Compared to 75 mM K⁺ this second group now shows a much stronger presence outside of the tri-snRNP position in the gradient (Fig. 3.14, B). Under 150 mM K⁺, proteins become destabilized from the tri-snRNP (Fig. 3.14). Sad1p and Snu66p are still present in the Sad1-TAP tri-snRNP, but start to dissociate. The Spp381p, Prp38p and Snu23p group of tri-snRNP-specific proteins is virtually absent from the tri-snRNP and even from the top fractions of the gradient (Fig. 3.14, C).

In any case, it is evident that the integrity of a yeast tri-snRNP purified under 150 mM K⁺ is severely compromised due to bleeding or complete loss of proteins. It was recently shown with reconstitution assays that the human orthologs of yeast Spp381p, Prp38p, and Snu23p, namely MFAP1, hPRP38 and hSNU23 could form a stable subcomplex (Ulrich and Wahl, 2017).

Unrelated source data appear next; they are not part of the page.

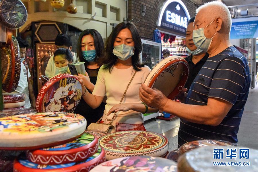 游客在烏魯木齊大巴扎景區(qū)購買手鼓(7月4日攝)。夏日周末,烏魯木齊市大巴扎景區(qū)內(nèi)熙熙攘攘,人們來到這里品嘗美食、休閑購物。2018年,經(jīng)過靚化改造后的大巴扎景區(qū)新增長約800米的步行街,分為文創(chuàng)文旅和“非遺”項目街區(qū)、國際時尚街區(qū)和大巴扎美食街區(qū),是烏魯木齊最受歡迎的旅游目的地之一。新華社記者丁磊攝
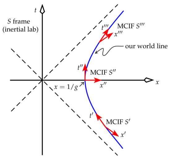 - Hamilton, J.D. The uniformly accelerated reference frame. Am. J. Phys. 1978, 46, 83–89. [Google Scholar] [CrossRef]
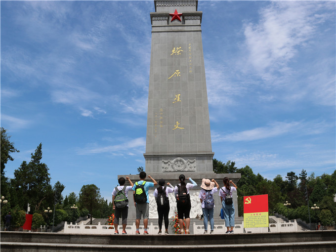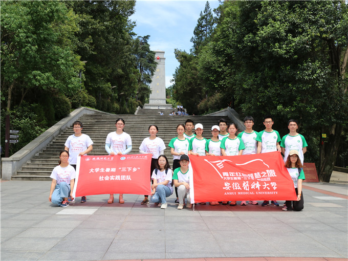 积极进取才是最好的告慰。经过一夜的修整,队员们元气满满地来到了实践的第二站——金寨县红军广场。金寨县位于大别山革命老区脚下,是新四军的主要发源地。先后10万金寨儿女参军参战,1万余名革命烈士以及59位获授军衔的金寨籍将军,共同造就了金寨“将军县”的名号。红军广场由广场,纪念碑,纪念堂,烈士陵园和革命博物馆等部分组成。团队一路拾阶而上,两旁松柏静默而立,每一步都是缅怀。作为当代大学生,队员们自发在纪念碑前庄严宣誓,立志学好专业知识,为祖国发展添砖加瓦,以慰先烈。夏日骄阳下的金寨闪着金色的光芒,每一处的安详平和里仿佛都看得见先烈们的微笑。实践途中,团队还巧遇了同样前来实践的安徽医科大学兄弟团队,志同而气合,两团队进行了友好交流并合影留念。
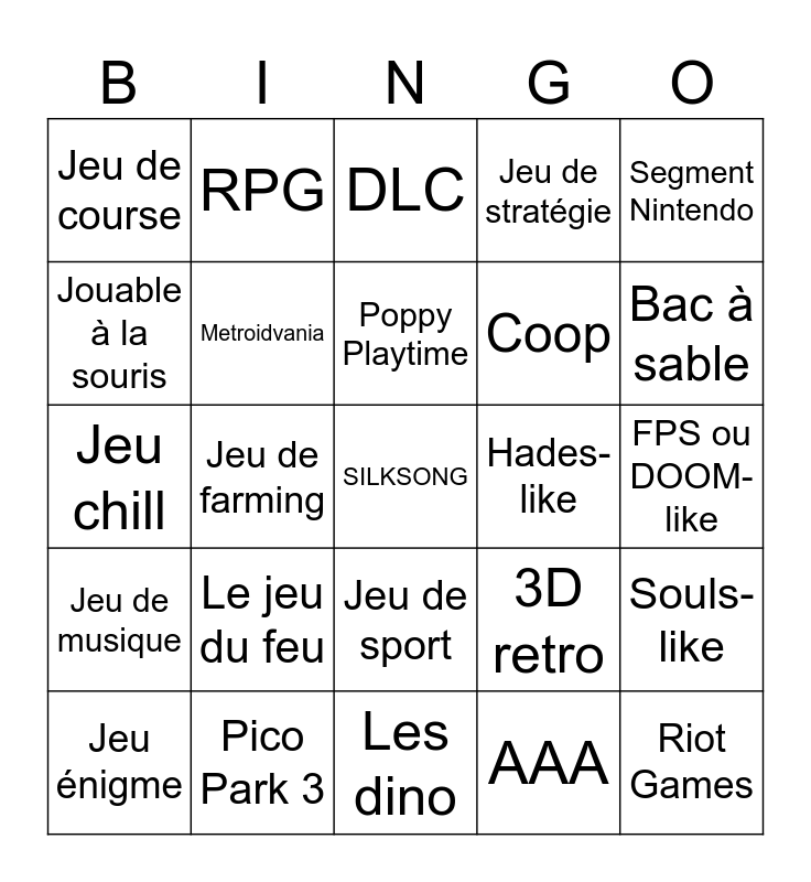 This bingo card has a free space and 24 words: Le jeu du feu, Pico Park 3, Poppy Playtime, Jeu énigme, Segment Nintendo, Jeu de course, Jouable à la souris, RPG, Hades-like, Jeu de sport, Coop, Jeu chill, 3D retro, Souls-like, Metroidvania, AAA, FPS ou DOOM-like, DLC, Bac à sable, Jeu de farming, Riot Games, Jeu de musique, Jeu de stratégie and Les dino.
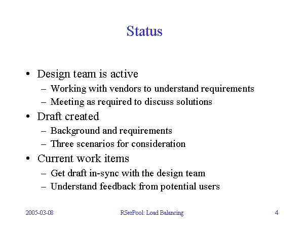 Status Design team is active Working with vendors to understand requirements Meeting as required to discuss solutions Draft created Background and requirements Three scenarios for consideration Current work items Get draft in-sync with the design team Understand feedback from potential users |
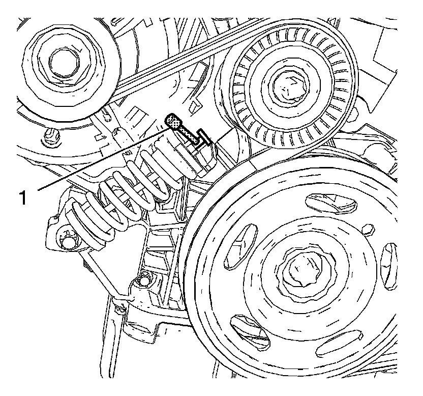 5. Move the drive belt tensioner clockwise until the drive belt tensioner can be fixed with EN-955-2 - locking pin (1).
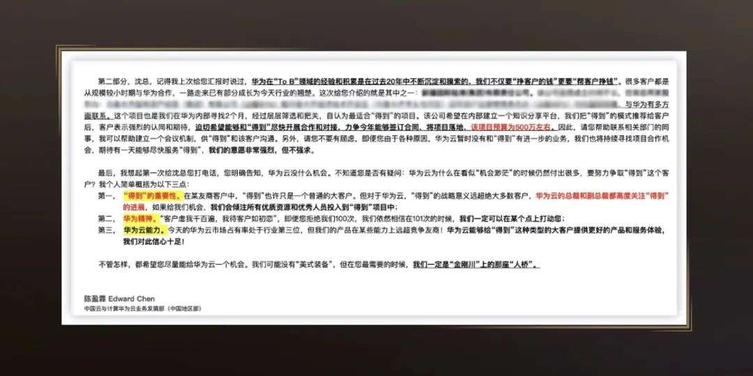 在他发给罗振宇的这封邮件中,并没有着重提及华为云技术的强大,反倒在得知得到App要做企业服务的时候,愿意花2个月,在内部优先为得到找寻一个项目预算500万的客户。

This human subcomplex depends on the same, evolutionarily highly conserved, interactions as observed between Spp381p, Prp38p, and Snu23p (Ulrich and Wahl, 2017). Most remarkably, the human MFAP1 protein is a B complex-specific protein and the hSNU23 – hPRP38 – MFAP1 complex indeed enters the human spliceosome at the level of the B-complex and independent of the human tri-snRNP. It has been suggested that in yeast the Snu23p – Prp38p – Spp381p subcomplex is part of the tri-snRNP and enters the spliceosome with the tri-snRNP (Jia and Sun, 2018), however, it is also important to note that so far, purified yeast tri-snRNPs are shown to be devoid of loosely associated factors such as, Sad1 (Häcker et al., 2008), and Prp28 (Nguyen et al., 2015; Wan et al., 2016). This may hint towards the mutually exclusive presence of Sad1/Prp28 and Prp38 – Snu23 –Spp381 in the yeast snRNP (as observed in the case of Brr2-TAP snRNPs as well, table 3.1- column: B). Interaction behaviour of Dib1p and Lin1p with the tri-snRNP particles at 150 mM K⁺ appears similar to as under 75 mM K⁺, with Lin1p outside of the tri-snRNP peak and Dib1p inside and outside (Fig. 3.14, D).

Based on the conclusions of the biochemical experiments and comprehensive MS analyses, it is apparent that the Sad1-TAP tri-snRNP, purified at 75 mM K+ concentration, not only is remarkably resistant to dissociative conditions in the presence of ATP but also shows a complete and strong set of all the constitutive parts of this snRNP. These results adequately support the interesting possibility that such a Sad1-TAP tri-snRNP may have a different conformational state when compared to tri-snRNPs obtained from previous purifications used for structure determinations. Therefore, I set out to investigate the structural features of the Sad1-TAP tri-snRNPs using cryo-electron microscopy.